Steve Loughran: "Looking at the other areas of work, I think scheduling will get the most interest from different people. Why? Because its where people like Platform Computing deliver value. It's not the APIs for grid computing, it's in distributing work to chosen machines. The current Job Scheduler works, but it is very simple. Every task worker node has a number of 'slots' -work is assigned to workers with spare slots. The scheduler is location aware, looking for the closest open slot to data, but there is no real examination of how much work a node is really doing, what the expected workload of the new job is (based on past experience), or anything resembling balanced scheduling between users. Over time, that's where there is going to be fun. Watch that space."

I think scheduling is interesting for another reason. Scheduling seems like a natural bottleneck in a  master/worker system. I've was looking at Hadoop for a project in work a while back (and to see if we can use it for general async/batch work) and while it's easy to get hung up on something like the namenode or reducers, or even the "it takes get used to" programming model, I kept coming back to the code that will decide when to put work into the jobservers - worried that it would dominate the system.

Choosing a Java web framework

Mark Watson: "The problem I am having is that I would very much like to settle on a single framework in order to reduce the effort of staying on top of too many tools and frameworks. [...]

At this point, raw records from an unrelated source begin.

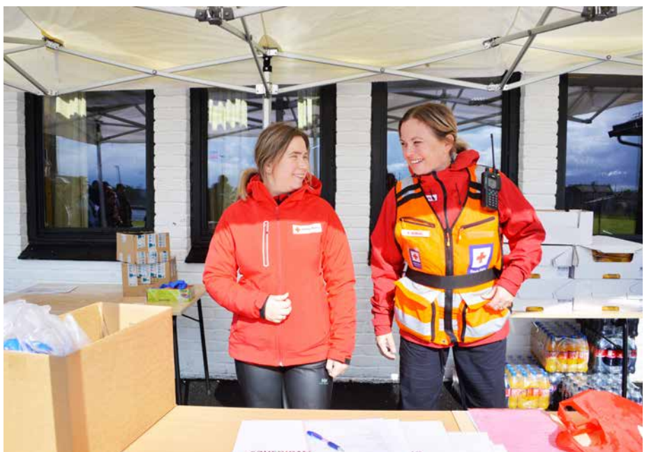
Hjelpekorpsset er på plass, som seg hør og bør på et idrettsarrangement. De melder om få skader, men mye glede.
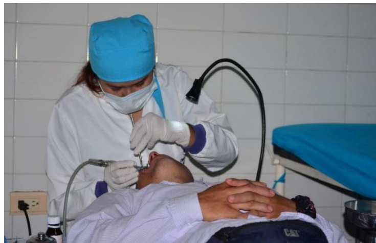
Brindamos brigadas de Salud
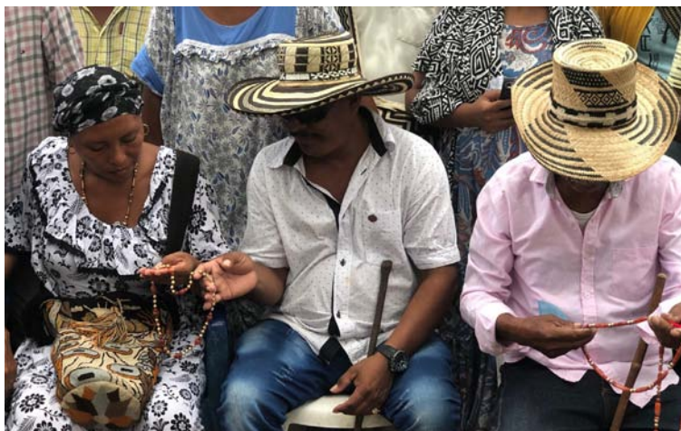
Miembros del clan Epieyu, quienes suscribieron un primer acuerdo con el clan Apshana.

I would like to be able to invest at most 100 hours of study time, and get back up to speed on a single framework, but I am not sure which to choose. GWT is very tempting but GWT does not cover all of the types of web applications and services that I am likely to be contracted to build. Seam looks good as an integrated framework, but I need to set aside a long weekend to give it a good preliminary evaluation."


I think in the Java space right now, there is no web pony, and looking back as far as 2004, there never has been.

Given what I know about Mark (working in Ruby) and his background (AI/Lisp, I have one of his books from college), I would recommend looking at Grails. Grails also has orthodox internals that will appeal to most shops that use Java - Groovy running with Spring, Sitemesh and Hibernate - so for example, the ActiveRecord style approach doesn't become a point of resistence, and even though Groovy is not the fastest language on the block, the framework is offloading plenty of work. Groovy has also the advantage of being syntactically closer to Java than Python/Ruby, which eases adoption - if you squint you might see Javascript, which gives interesting options for who builds server side web pages :)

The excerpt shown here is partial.